Tuesday, November 30, 2021

PA prosecutor asks SCOTUS to review Bill Cosby decision

Prosecutors in Montgomery County, Pa., have asked the U.S. Supreme Court to review a ruling by the state’s top court earlier this year that vacated the sexual assault conviction of Bill Cosby, who was one of the country’s most beloved celebrities before he was recast as a merciless predator and sexual deviant in the first celebrity trial of the #MeToo era, reported the Washington Post.

Cosby, 84, was found guilty of sexual assault in 2018. He spent nearly three years behind bars before his sentence was reversed in June by the Pennsylvania Supreme Court, which ruled that Cosby had believed he was operating under an immunity agreement offered by a prosecutor when the entertainer provided testimony that was damaging to himself.

Prosecutors have denied the existence of such a deal, and Montgomery County District Attorney Kevin Steele said in a Monday statement that the U.S. Supreme Court “can right what we believe is a grievous wrong.”

Cosby has always maintained his innocence. On Monday, his spokesman Andrew Wyatt lashed out at Steele, whom he accused of having a troubling “fixation” on Cosby.

“In short, the Montgomery County D.A. asks the United States Supreme Court to throw the Constitution out the window, as it did, to satisfy the [#MeToo] mob,” Wyatt said in a statement. “This is a pathetic last-ditch effort that will not prevail.”

Though the case was widely followed in the media, it appears unlikely that the Supreme Court will review it. The panel receives between 7,000 and 8,000 petitions each term and grants oral arguments to around 80.

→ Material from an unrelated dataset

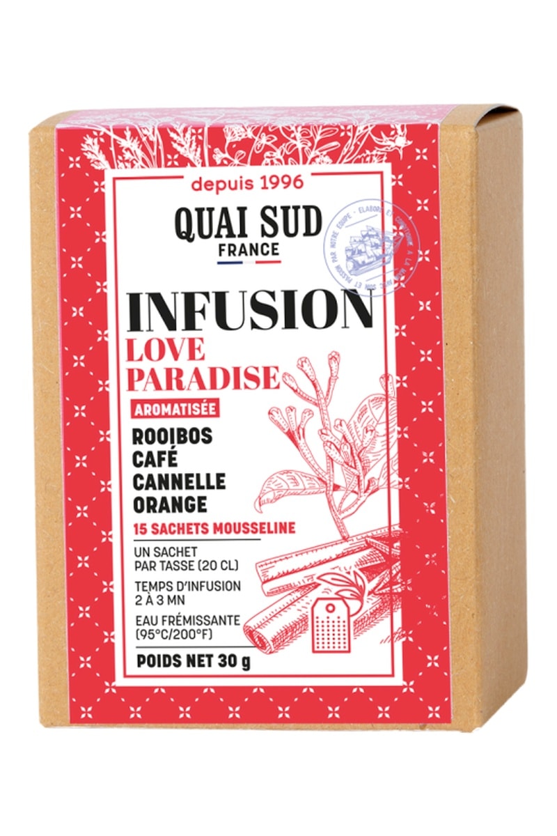 Infusion de rooibos aux notes chaudes de café et d’épices… Un voyage immédiat dans un paradis d’amour.

“[Cosby’s case] is such a one-off situation that the U.S. Supreme Court might look at it and say, ‘It’s not worth our time because this will never happen again,’” Jules Epstein, a law professor at Temple University, told The Washington Post at the time of Cosby’s release.

From the onset of Cosby’s criminal trial, prosecutors and defense lawyers clashed over their differing interpretations of a 2005 news release issued by then-district attorney Bruce Castor, who had declined to pursue a criminal case against Cosby, citing “insufficient, credible and admissible evidence.”

The release did not mention an immunity deal, but Cosby’s attorneys said it buttressed an oral non-prosecution agreement.

Bill Cosby’s accusers now number 60. Here’s who they are.

Cosby and Andrea Constand, an employee at Cosby’s alma mater Temple University who accused him of drugging and molesting her, later settled a civil lawsuit. The criminal case, which Castor had declined to prosecute, was reopened in 2015 after a judge unsealed parts of Cosby’s deposition during the civil suit. That decision came shortly after a dozen women came forward with allegations that Cosby had drugged and sexually assaulted them.

A particularly damaging deposition from the 2005 civil suit revealed that Cosby had acknowledged intending to use quaaludes, a sedative, on young women with whom he wanted to have sex. He did not admit to criminal wrongdoing during the deposition.

By the time he was convicted in 2018, at least 60 women had accused Cosby of sexually assaulting or harassing them. The allegations spanned some 40 years, during which Cosby’s career took off and transformed him into a household name.